At this point, we had a loop of two devices talking to one another and some nice cumulative errors creeping in. However, using Lucier's original text wasn't satisfying at all. In fact, it felt wrong. Lucier's words referred to his process in creating his original artwork; the piece we were making was a different process for a different piece. Inspired by (ripping off) Lucier's work, sure, but not the same. It became clear to me that I needed to write new words to reflect the piece we were making and the process it would enact.
As I started to do this, though, I ran into a wall. I couldn't decide whether to write this from my point of view ('I am writing code') or the point of view of Alexa-trapped-in-Echo ('I am running in the cloud'). Lucier hadn't had this problem! Since he was speaking his own words, he was simultaneously the writer, performer and subject of the text. For me, these three had become separated by the technology.

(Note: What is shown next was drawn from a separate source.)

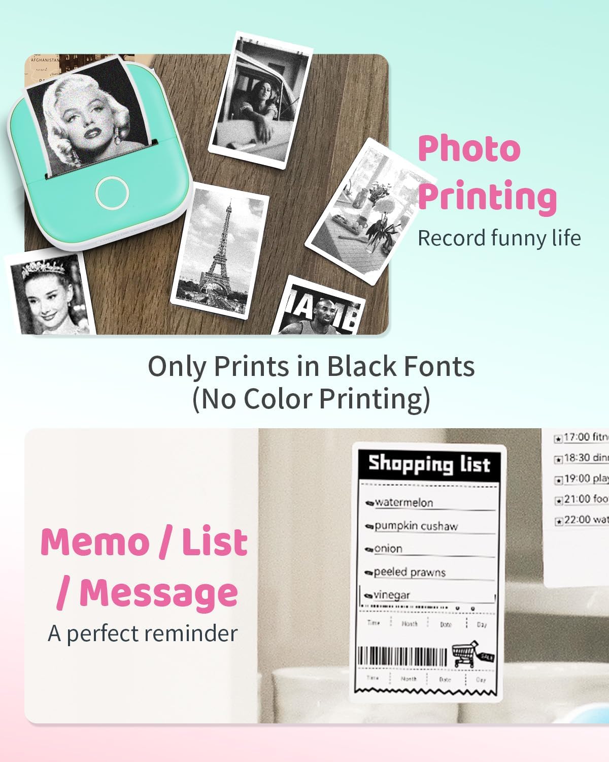 [New Stylish Gifts] Portable mini thermal printer – can be used to print black and white pictures. Be a great helper to decorate your journal more memorable, to cultivate children’s creativity, to make photos more stylish, to keep track of happiness moments at anytime and etc. Bluetooth mini photo printer for phone – can be an excellent gifts for children, students, teachers and DIY craftsman on Children’s Day or Thanksgiving day

The answer popped into my head while I was having a swim. Since we were using two devices in conversation, I could write both points of view, one for each device! This made the piece more interesting anyway, since I could explore the disjoints between the two constructed personalities by putting them into dialogue and have them both dissolve each other into meaninglessness through repetition and iteration. Lovely. Both texts are available in the project's github repository.
Here's a video of it iterating away:
Why the different voices, Henry? I'm glad you asked. I think it's disingenuous for voice assistants to give the impression of having a coherent, intelligent personality when the thing that talks to you is a patchwork of many complex systems, all running in server farms far away. The device sat in your room is not the assistant - it's the business end of a very large, very complex networked iceberg. I also think that it's a problem that the personality these things pretend to have is bland, subservient, coded 'female' - a stereotype of a 1950s secretary in a box. This is why I like to make things that speak with many voices for these devices - a truer reflection of the herd of processes running things behind the scenes, and less bound to a particular false personality.
I use Amazon Polly to synthesize these many voices, which is not the most straightforward to use on the fly. Thus, a nice offshoot of this project has been the polly-s3 module I wrote for node.js, which makes it easier to use in dynamic voice applications.